Soleimani tomó parte en esta batalla, pero no en su parte militarmente inventiva sino en su inversión, el despliegue de “olas humanas” de la Guardia Revolucionaria, carne de cañón que fue lanzada al fuego enemigo, línea tras línea, hasta que los iraquíes no pudieron soportar el empuje acumulado.

Ahora los generales de Irán encontraron una forma de usar su ventaja cuantitativa, y mientras lo hacían, demostraron su total falta de habilidad e ingenio militar. En batallas posteriores esta táctica, ya de por sí espantosa, se convirtió en algo totalmente obsceno, cuando los niños, capturados de los barrios pobres, eran enviados a las minas con llaves de plástico en sus cuellos, diciéndoles a los muchachos sacrificados que están a punto de entrar en el cielo.

No se sabe que Soleimani haya sido parte del despliegue de los niños, y se informa que también condenó los costos de los ataques de las olas humanas. Sin embargo, las olas humanas son lo que ocurrió en los campos de batalla que él habitó, aquellos que más tarde describió con nostalgia como “paraísos perdidos”.

El “general”, entonces, no sabía cómo construir, suministrar, entrenar y desplegar una formación militar variada, o cómo maniobrar a un enemigo para derrotarlo, porque no era Napoleón, Rommel o Aníbal, solo un operador de nivel medio en un comando militar subhumano.

La falta de entrenamiento militar de Soleimani era parte de un déficit escolar más amplio, ya que no había tenido otra educación que la de una remota escuela secundaria del tercer mundo.

Por eso él y otros Guardias Revolucionarios con poca educación aborrecían a los manifestantes estudiantiles de Teherán, y en 1999 amenazaron al presidente Mohammad Jatami, un filósofo político, con que si no atacaba a los estudiantes, los Guardias darían un golpe de Estado. Esa es también la razón por la que Soleimani estaba en desacuerdo con el presidente Hassan Rouhani y el ministro de Asuntos Exteriores Javad Zarif, ambos doctores educados en Occidente.

Por eso, el mismo Soleimani que no estaba preparado para sobresalir como general, tampoco estaba preparado para comprender la inutilidad del proyecto imperial que dirigió en los últimos años.

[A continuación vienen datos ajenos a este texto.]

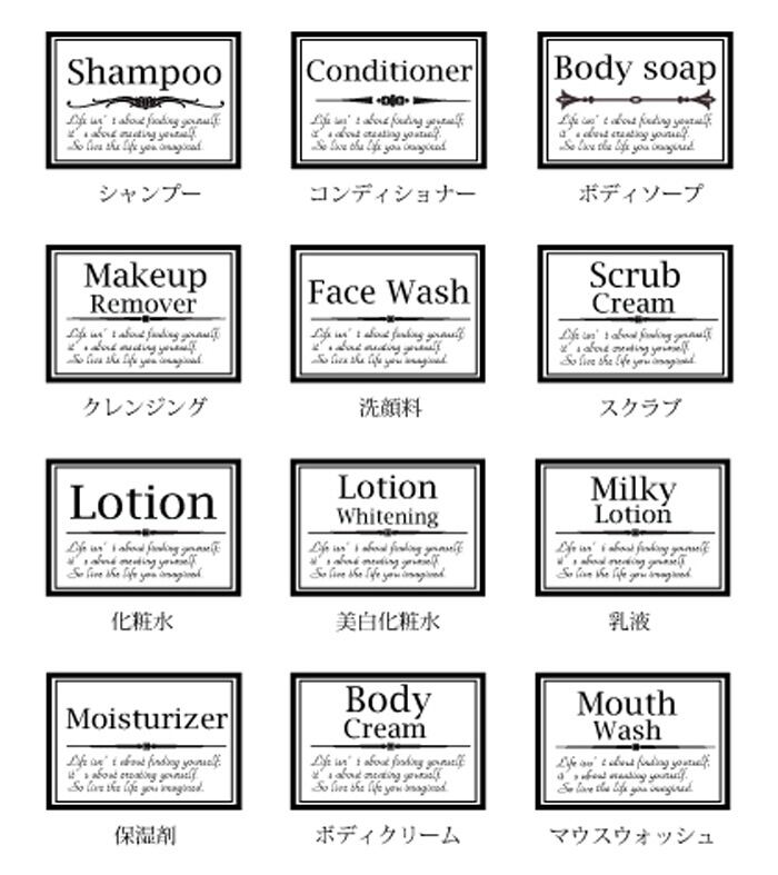 ラベル内容:シャンプー/コンディショナー/ボディソープ/クレンジング/洗顔料/スクラブ/化粧水/美白化粧水/乳液/保湿剤/ボディクリーム/マウスウォッシュ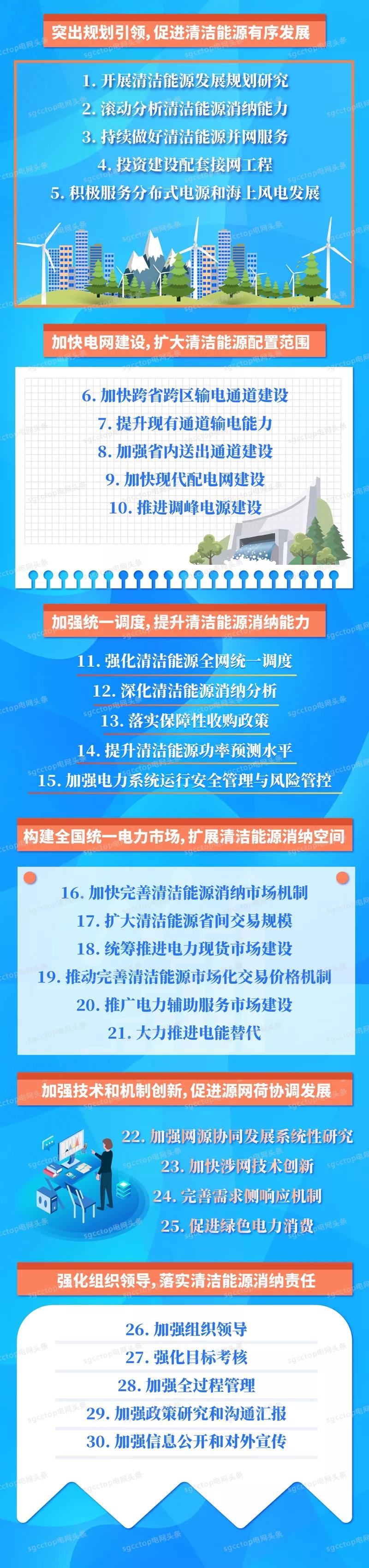 公司将坚决贯彻党中央、国务院决策部署,落实《清洁能源消纳行动计划(2018~2020年)》各项重点工作,按照“三型两网”世界一流能源互联网企业建设要求,围绕引导清洁能源有序发展、加快电网建设、加强统一调度、扩大交易规模、加强技术和机制创新、强化组织领导等6大方面,实施30项重点工作。

De mente estrecha y poca lectura, no entendió que el desarrollo imperial exige vitalidad económica, y que sus descaradas provocaciones a la civilización occidental, a la nación árabe y, en buena medida, al pueblo judío, deben resultar finalmente en una derrota.

Soleimani se convirtió así en un motor de la guerra de Irán contra sí mismo; la guerra que encarnó primero, cuando la revolución le dio poder a pesar de su ignorancia, y tal vez debido a ella; la guerra que inspiró después, cuando exigió atacar a los jóvenes sedientos de libertad y educación; la guerra que finalmente dirigió, cuando gastó miles de millones en fomentar la violencia en tierras lejanas, mientras que en su país la inflación se disparaba, el desempleo se disparaba, los ríos se secaban, las cárceles se desbordaban, las tasas de natalidad se hundían y la desesperación se convertía en una plaga.

“Ningún país se benefició de una guerra prolongada”, dijo el pensador militar Sun Tsu. La vida agitada de Qassem Soleimani, su legado sangriento y su muerte prematura coinciden.